AIM OF THE EXERCISE. Reproduce, exactly and only, the lines of the data that follows from the one containing "Pegatina Redonda Tractor" down to the one containing "Выкупшин96.рф по адресу", without pictures.

-- MATERIALS PROVIDED follows --

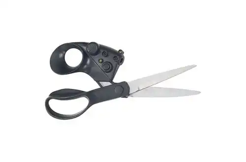 Обычные ножницы с длиной лезвия 9 см, но в ручку встроен лазерный прицел. Вес — 102 грамма. Питание — от двух плоских батареек LR44. Лазер включается кнопкой, далее луч длиной 21 см с помощью двух верньеров совмещается с лезвием, после чего следует аккуратно резать по лазерной «дорожке». Плюс гаджета — высокая точность в случае, когда линию разреза нельзя нанести на материал (изначально лазерные ножницы предназначались парикмахерам). Минус — небольшие размеры разреза.
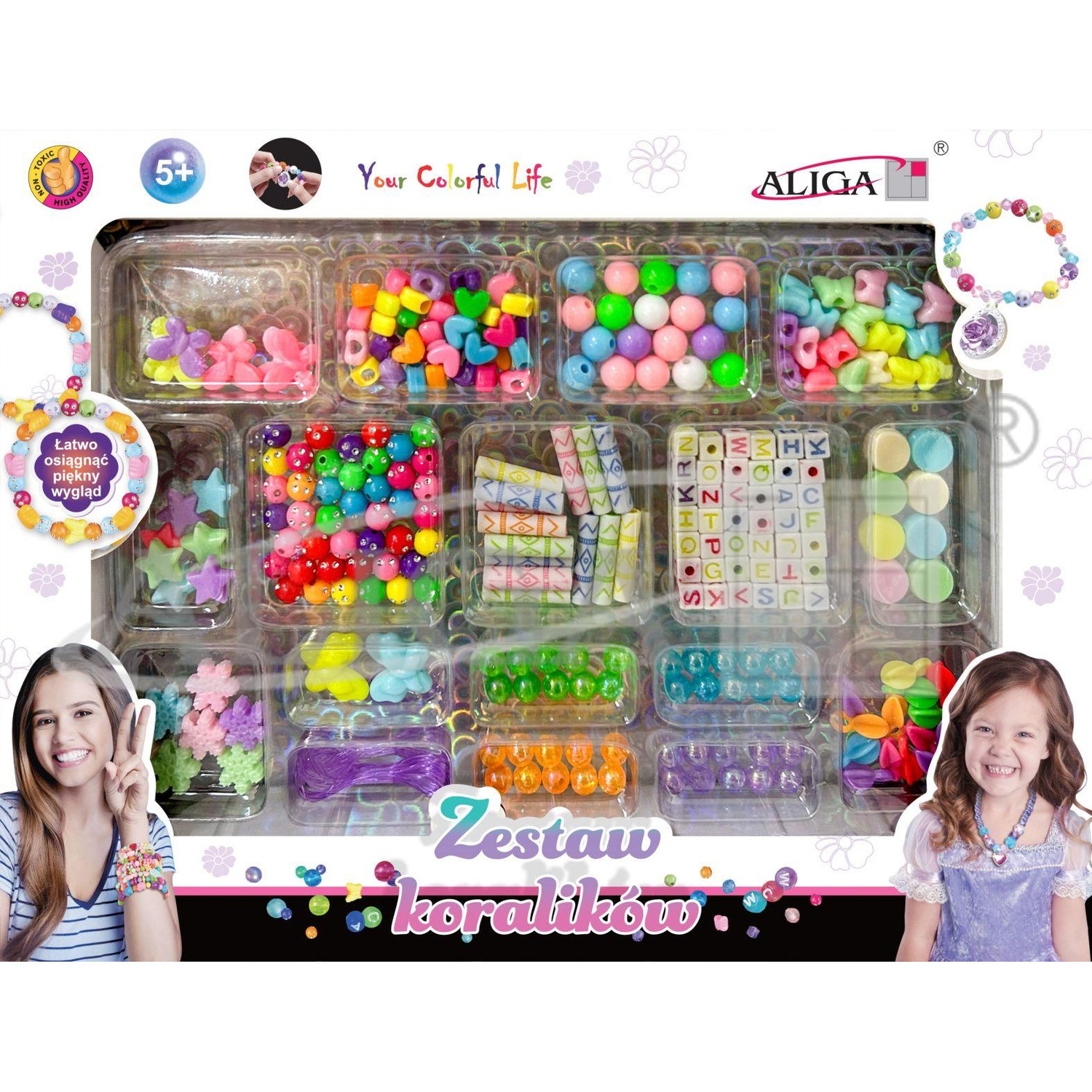 Zestaw koralików plastikowych mix kolorów i kształtów op. ok. 230szt.+2x 120cm żyłka PJ-2036 ALIGA
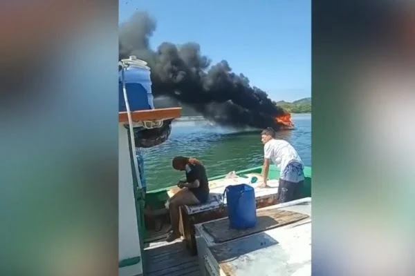 Vídeos feitos por outras embarcações mostram o barco em chamas. Em um dos registros, também é possível ver uma das vítimas do incidente com alguns ferimentos. Veja:
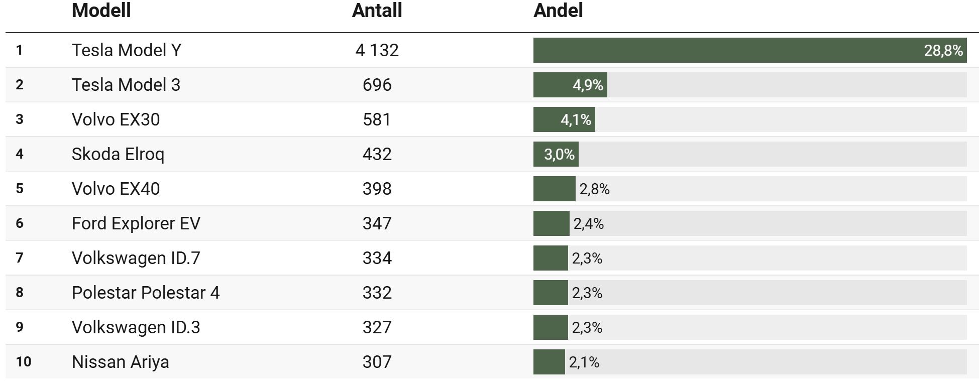 Kráľom predajov je stále Tesla, aj keď celosvetovo nedosahuje také čísla, aké očakávala. V Nórsku má trhový podiel medzi elektromobilmi veľmi slušných 34 percent. Nikoho snáď neprekvapí, že najúspešnejším elektromobilom je Model Y, ktorý zaznamenal 28,8-percentný podiel na trhu. Okrem Tesly sa darí aj Volkswagenu, Volvu, Toyote či BMW.
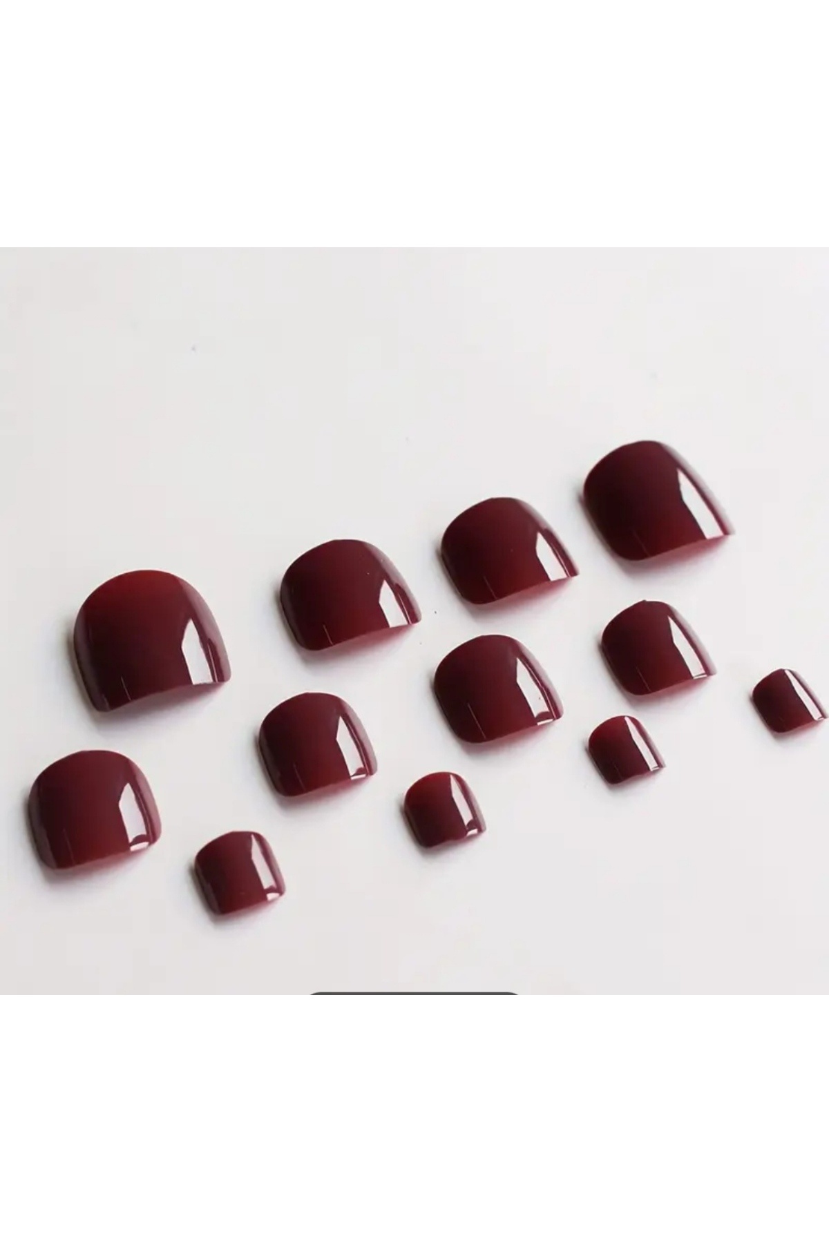 24'lü Kare Model Bordo Takma Ayak Tırnağı Protez Tırnak Seti - Jel yapışkan Hediyeli 24'lü Kare Model Bordo Takma Ayak Tırnağı Protez Tırnak Seti - Jel yapışkan Hediyeli 00000190 تک سایز
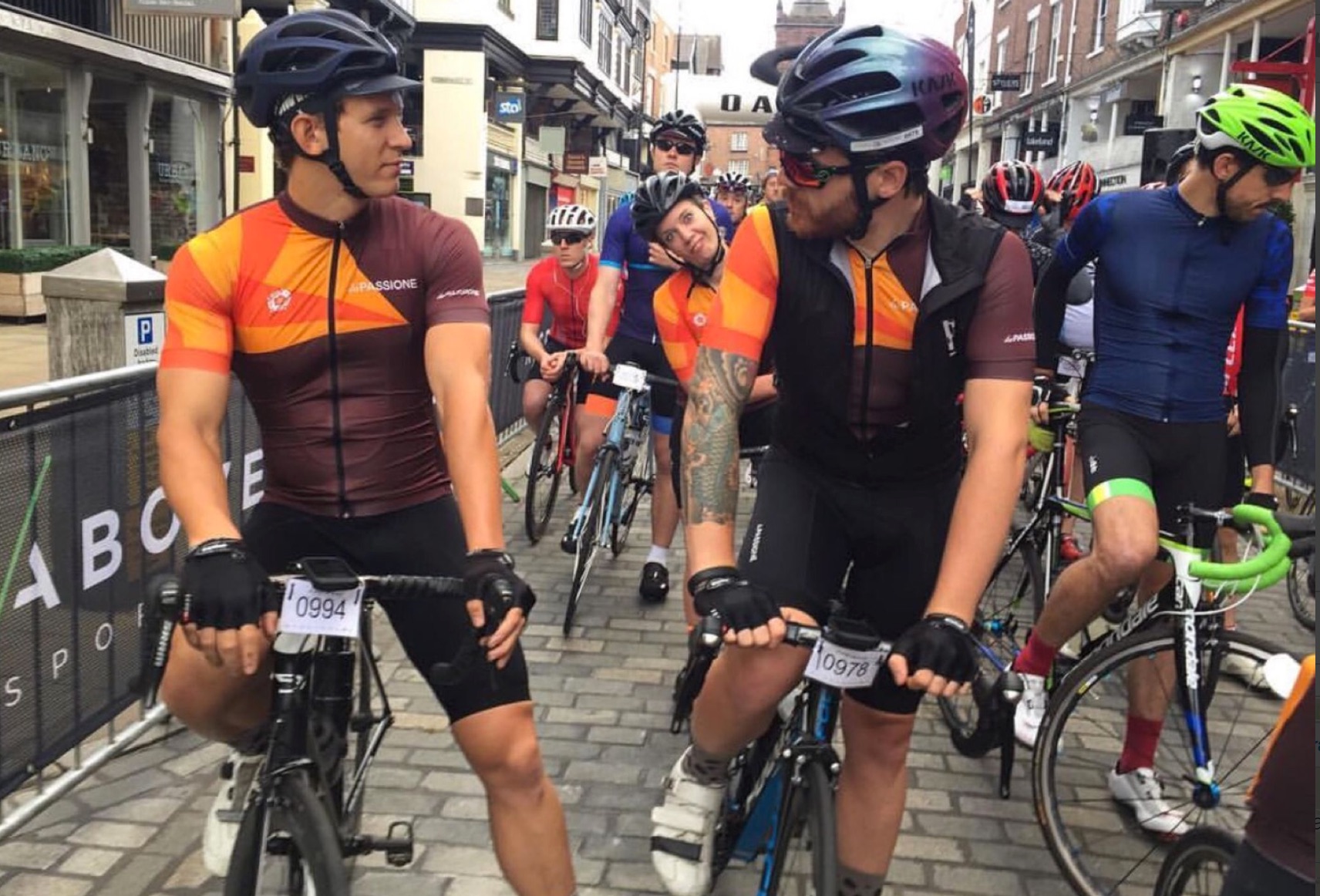A spare jersey provided by Attacus CC helped to cover up the broken skinsuit.
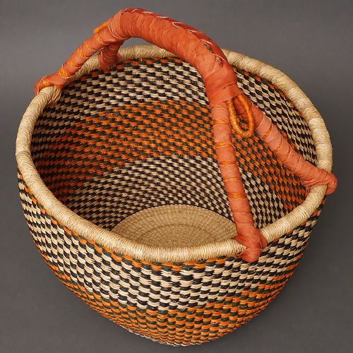 ブルキナファソのエレファントグラスで編まれた半球型のバスケットは、しなやかで丈夫な草を丁寧に編み込んだ伝統的な手仕事の品です。
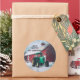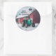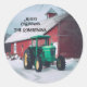 Pegatina Redonda Tractor verde y granero rojo
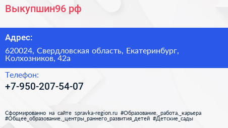 Выкупшин96.рф по адресу 620024, Свердловская область, Екатеринбург, Колхозников, 42а в дальнейшем Организация, размещена в следующих категориях:
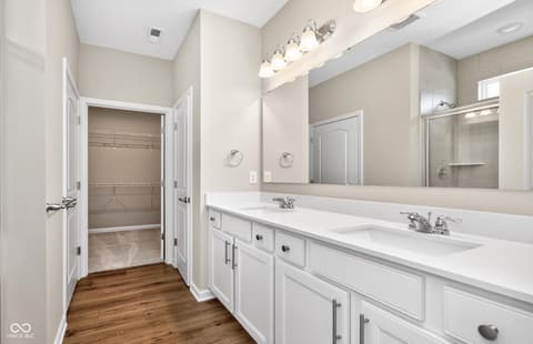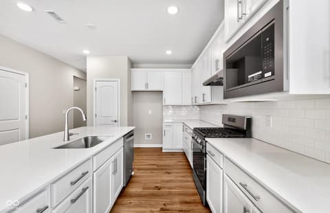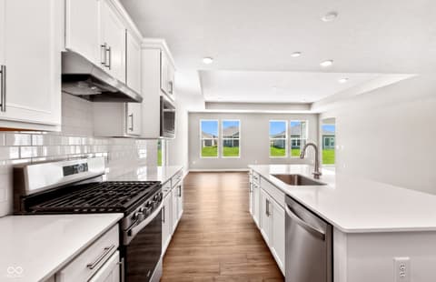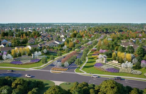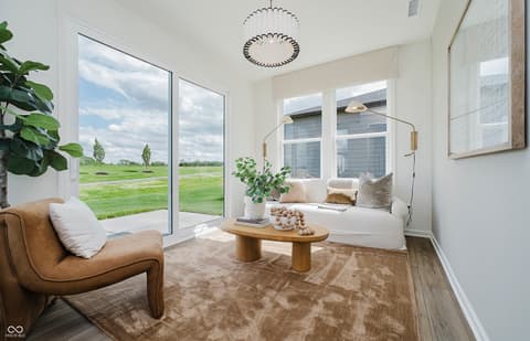 Welcome to the Vista floorplan by Pulte Homes, nestled in the desirable Finch Creek community by Del Webb. Designed with effortless entertaining in mind, this thoughtfully crafted ranch-style home features an open-concept layout that seamlessly connects the gathering room, cafe, and kitchen. A spacious kitchen island takes center stage, complemented by stunning Carrara Morro quartz countertops, 42" white cabinetry, brushed nickel hardware, stainless steel gas appliances-making it a chef's dream. A sun-filled day-lit sunroom offers the perfect spot for morning coffee or afternoon relaxation, while luxury vinyl plank flooring adds both style and durability throughout. Retreat to the Owner's Suite, where you'll find a tiled walk-in shower, dual vanity, and a walk-in closet to meet all your storage needs. The Finch Creek by Del Webb community is where lifestyle takes center stage. Residents enjoy TV streaming and internet included, plus convenient seasonal opening and closing of irrigation systems. The resort-style amenities include indoor and outdoor pools, a state-of-the-art fitness center, pickleball and bocce ball courts, and a clubhouse featuring social programming led by a full-time Lifestyle Director. A high-tech simulation room offers virtual golf and other sports, while 8.5 miles of walking trails, pocket parks, and a dog park encourage an active, outdoor lifestyle. Ideally located just minutes from I-69, Hamilton Town Center, top-rated hospitals, golf courses, and downtown Noblesville, Finch Creek by Del Webb offers the perfect blend of tranquility, activity, and convenience.

-- MATERIALS PROVIDED concluded --

RESPONSE FOR THIS EXERCISE.
 Pegatina Redonda Tractor verde y granero rojo
 Выкупшин96.рф по адресу 620024, Свердловская область, Екатеринбург, Колхозников, 42а в дальнейшем Организация, размещена в следующих категориях:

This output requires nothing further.